The Consequences of Withheld Information

Below is a Sunshine Week op/ed written for Gatehouse Media by NEFAC Executive Director Justin Silverman. The column can also be read here.

 

gatehouse oped

It’s Sunshine Week, an annual celebration of transparency in government.

Freedom of information advocates throughout the country will spend the next several days reminding communities about their right to obtain public records and the need to make those records more accessible.

In Massachusetts, the timing is especially appropriate.

A committee of House and Senate legislators is currently debating how to best overhaul the commonwealth’s abysmal public records statute. Leaders in both branches have expressed concern about the law and have made reform a priority. Whether their efforts will restore respectability to this important statute or fall flat largely depends on the strength of enforcement mechanisms included in their final proposal, as well as the cost controls for obtaining records and the firmness of compliance deadlines imposed on custodians.

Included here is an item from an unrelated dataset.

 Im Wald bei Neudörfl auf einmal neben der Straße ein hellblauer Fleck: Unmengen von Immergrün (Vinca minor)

While these details are crucial to the reform effort, often lost in the discussion are the personal – sometimes devastating – consequences of withholding information that rightfully belongs to the public.

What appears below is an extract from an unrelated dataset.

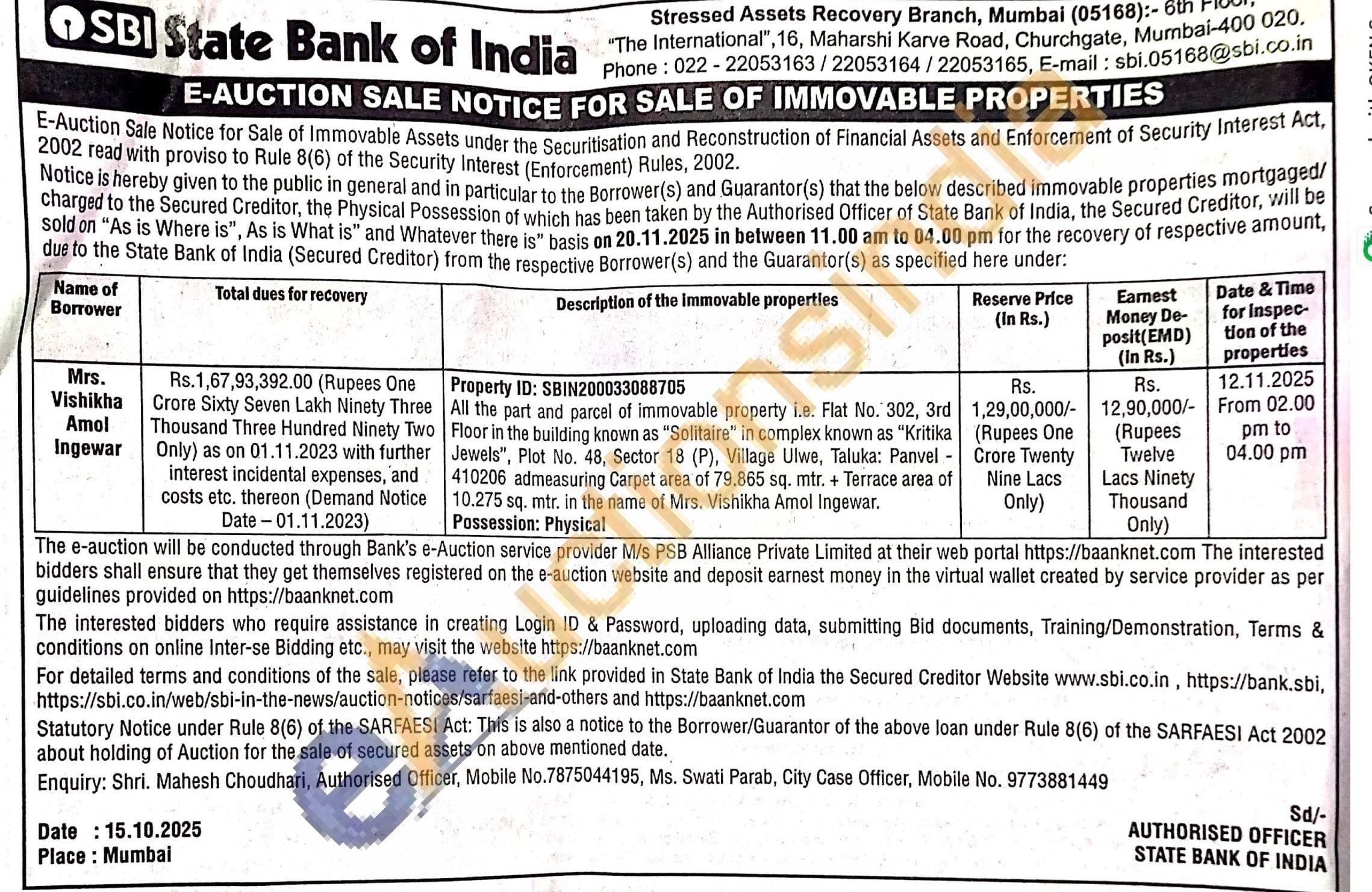 Contact Shri. Mahesh Choudhari, Authorised Officer, Mobile No.7875044195, Ms. Swati Parab, City Case Officer, Mobile No. 9773881449

Sunshine – a reference to a famous quote attributed to Justice Louis D. Brandeis – can be the difference between life or death. That’s not hyperbole, as any reader of Jenifer McKim’s “Out of the Shadows” series for the New England Center for Investigative Reporting would know. McKim investigated the failings of the Massachusetts Department of Children and Families, finding that kids were dying because of a lack of oversight by this government agency. Her reporting required months of negotiating with public officials, dozens of public records requests and thousands of dollars in fees for those records.

“It was only then,” she said, “did details began to slowly emerge of children whose stories had not been heard.”

With the help of a team of interns, dedicated colleagues and pro bono legal representation, McKim managed to overcome the weak public records law and, in her words, expose “a series of missteps, missed opportunities and systemic flaws that failed to save children who in the end had nobody to protect them.”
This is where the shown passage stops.